WORK ORDER: The whole listing below, with no pictures, is to be repeated as it stands.

GIVEN DATA:
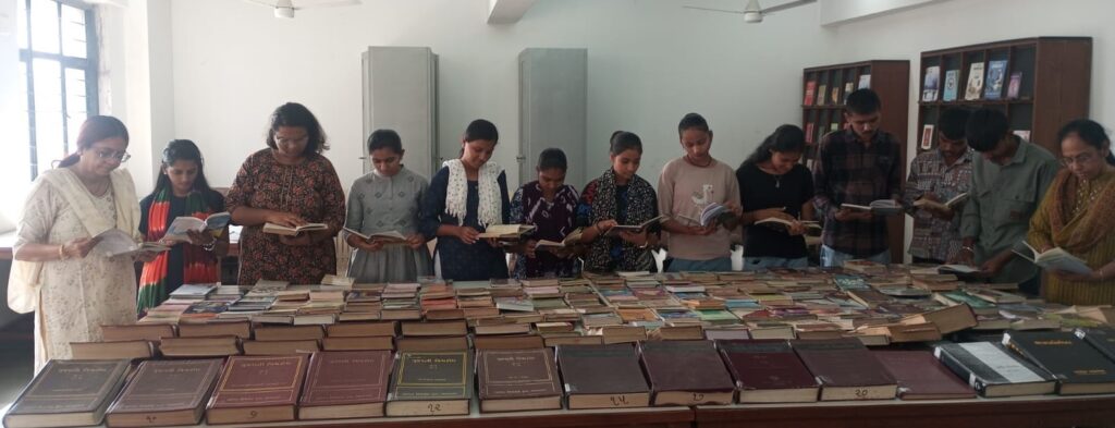Footfalls of students as well as faculty members remained in good numbers through the day. The librarians interacted with participants and encouraged students to develop a habit of reading and also take up books written in their mother-tongue. Library members also recommended notable works by distinguished authors. In fact, students showed keen interest in literature and many of them issued books for further reading.
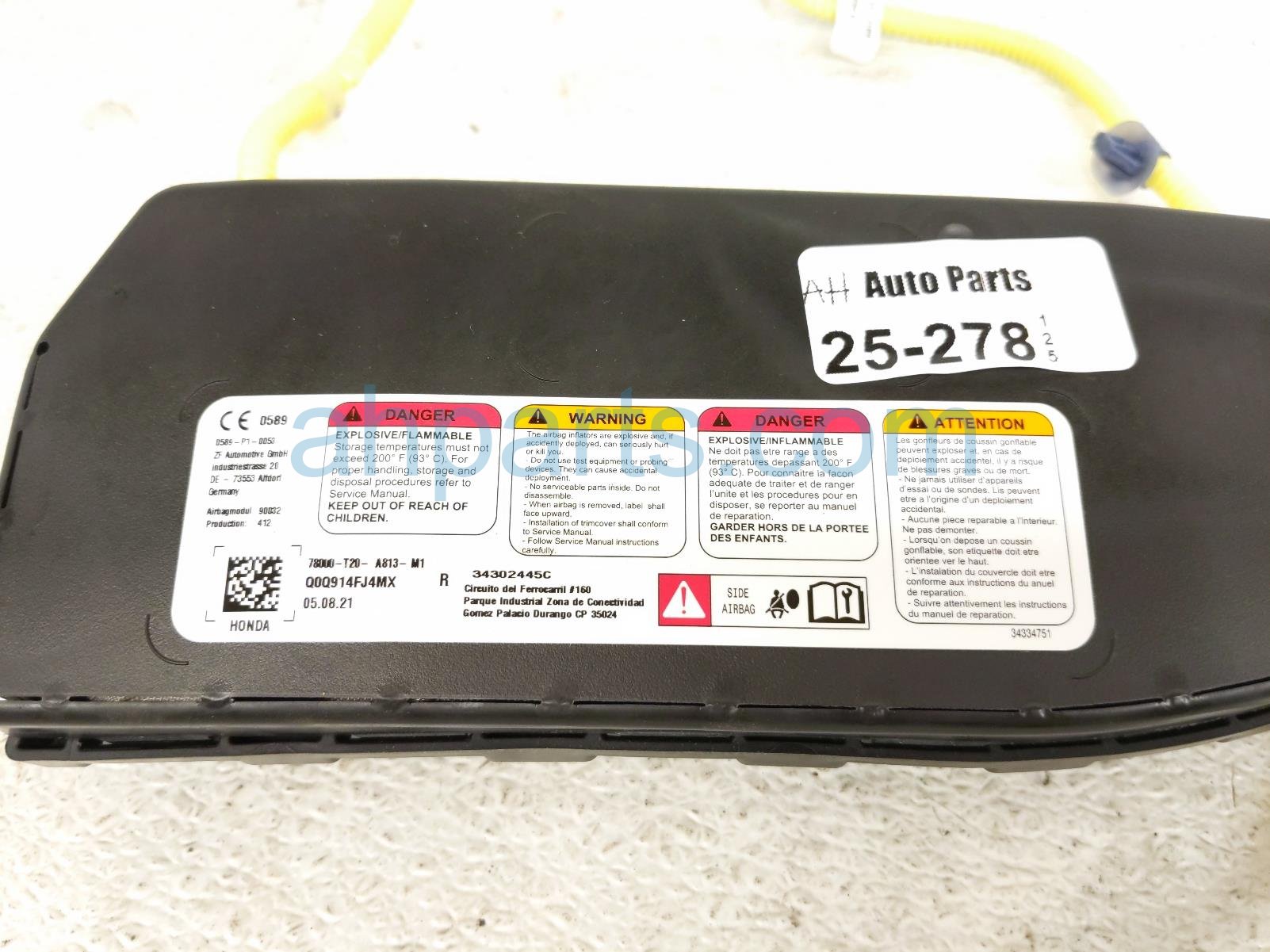 2022 Honda Civic passenger seat airbag is a used item with a 1 year warranty. This OEM replacement passenger seat airbag is genuine and has part numbers 78050-T20-A80, and 78050T20A80. This Honda part is for sale (please call for pricing).
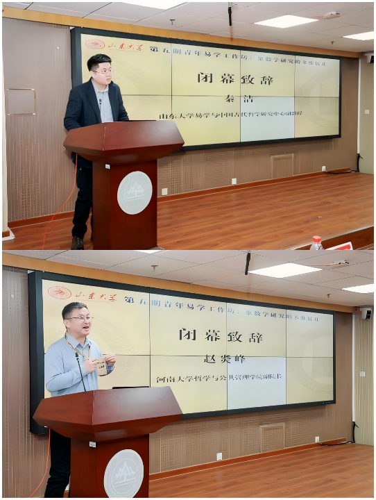 闭幕式中,beat365英国官方网站易学与中国古代哲学研究中心副教授秦洁和河南大学哲学与公共管理学院副院长赵炎峰分别代表会议主办方和下期主办方致辞。秦洁在致辞中向支持本次工作坊的各位学者致以诚挚谢意,并介绍了工作坊举办的初衷和本期主题设置的意义。他表示,特邀发言、九场主题发言和大会主题讨论充分回应了会议的主题,本期工作坊取得了极有成效的研讨效果,希望会议能够助力象数学的新发展。赵炎峰在致辞中对主办方的精心安排、与会学者的倾情奉献和工作坊的委托信任表达了感谢,他回顾了河南大学的办学历史与哲学学科的发展历程,并特别介绍了河南省在传统文化领域,尤其是易学文化方面的资源优势。他向与会学者发出诚挚邀约,期待大家齐聚河南,共赴下一期工作坊的学术之约。

OUTPUT OF THE EXERCISE:
Footfalls of students as well as faculty members remained in good numbers through the day. The librarians interacted with participants and encouraged students to develop a habit of reading and also take up books written in their mother-tongue. Library members also recommended notable works by distinguished authors. In fact, students showed keen interest in literature and many of them issued books for further reading.
 2022 Honda Civic passenger seat airbag is a used item with a 1 year warranty. This OEM replacement passenger seat airbag is genuine and has part numbers 78050-T20-A80, and 78050T20A80. This Honda part is for sale (please call for pricing).
 闭幕式中,beat365英国官方网站易学与中国古代哲学研究中心副教授秦洁和河南大学哲学与公共管理学院副院长赵炎峰分别代表会议主办方和下期主办方致辞。秦洁在致辞中向支持本次工作坊的各位学者致以诚挚谢意,并介绍了工作坊举办的初衷和本期主题设置的意义。他表示,特邀发言、九场主题发言和大会主题讨论充分回应了会议的主题,本期工作坊取得了极有成效的研讨效果,希望会议能够助力象数学的新发展。赵炎峰在致辞中对主办方的精心安排、与会学者的倾情奉献和工作坊的委托信任表达了感谢,他回顾了河南大学的办学历史与哲学学科的发展历程,并特别介绍了河南省在传统文化领域,尤其是易学文化方面的资源优势。他向与会学者发出诚挚邀约,期待大家齐聚河南,共赴下一期工作坊的学术之约。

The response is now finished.